For a number of roles in the south of The Netherlands we are hiring CQV engineers. We have both short and long term contracts and all are with biotech client project (site based). Some roles may introduce a shift scenario - that will all be an option discussed when you apply. 

 

We are looking for Intermediate to Senior Engineers who will bring their expertise with them and drive our projects to completion. All roles are with Biotech clients.

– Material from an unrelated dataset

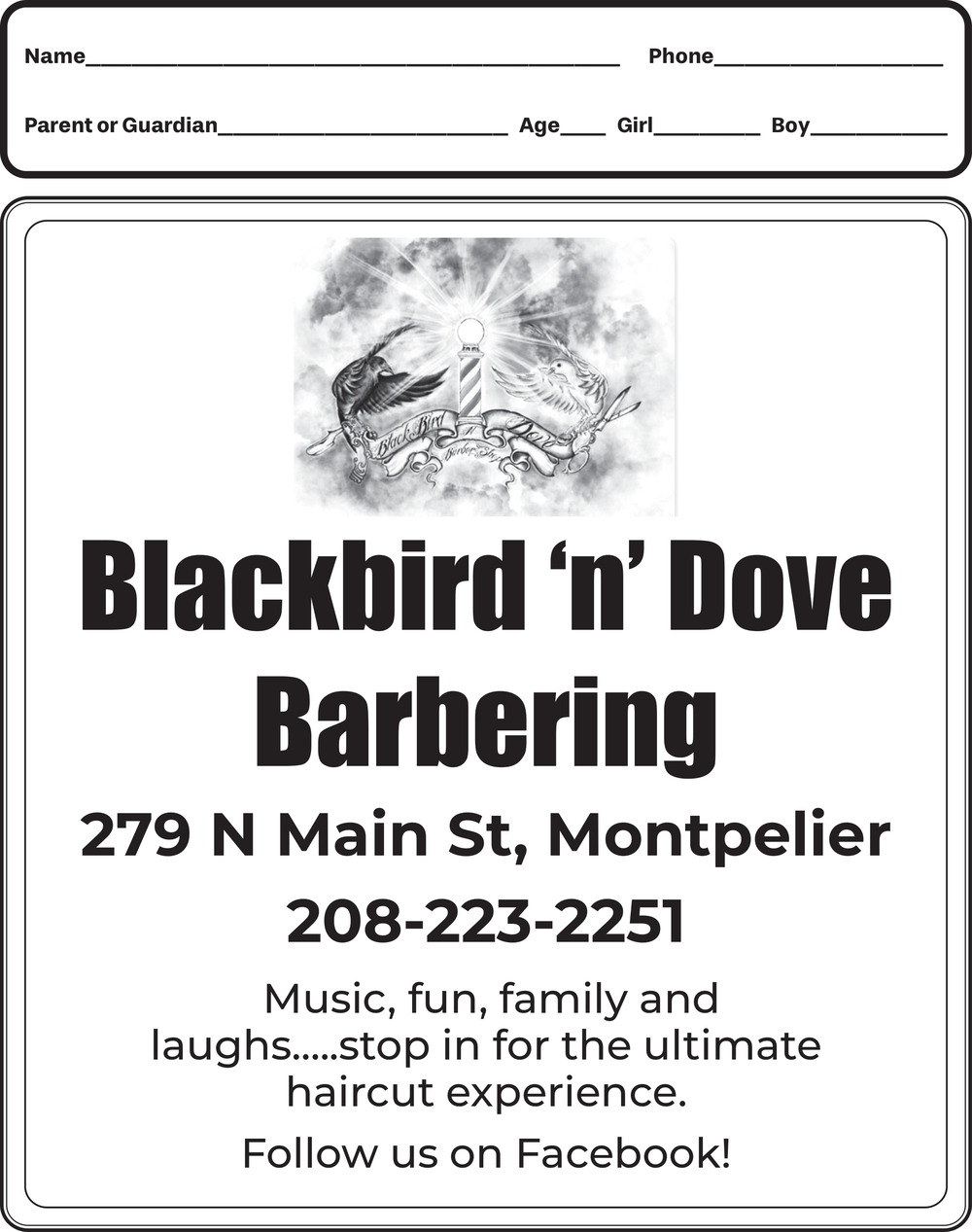 Ads for Blackbird 'n' Dove Barbering in Logan, UT
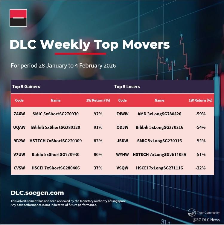 The top performer for the week is $SMIC 5xShortSG270930(ZAXW.SI)$ , supported by a -17.18% decline in $SMIC(00981)$ over the same period. The drop occurred against the backdrop of a broader sell‑off in the tech sector, as investors grew increasingly cautious amid concerns about stretched valuations, elevated capital expenditure, and the potential impact of artificial intelligence on established business models.

Ideally candidates should have an emphasis on CIP/downstream CQV execution experience, a GMP/GDP background and a degree in a science and or Engineering based discipline.  


Responsibilities

  • Field execution of Commissioning, Installation & Operational Qualification (IQ/OQ), Verification for downstream process equipment, CIP, & Clean utilities
  • Co-ordination of vendor packages to achieve streamlined CQV
  • Co-ordination/review of construction packages again to achieve streamlined CQV
  • Knowledge of recent regulations (ICH, ASTM, FDA, ISPE) and modern CQV practices

Qualifications

Educated to Degree level in Engineering or Science related area

  • Minimum of 5 years experience gained within a Life Sciences environment
  • DeltaV  / process equipment start up experience advantageous
  • Experience of working in a project environment
  • Hands on attitude, specifically functional testing of equipment outlined above
  • Excellent oral and written communication skills in English

 

 All applications will be treated in strictest confidence.

  

What you will get:

Attractive rates, while working in a multi-disciplinary environment, in a vibrant expanding international company.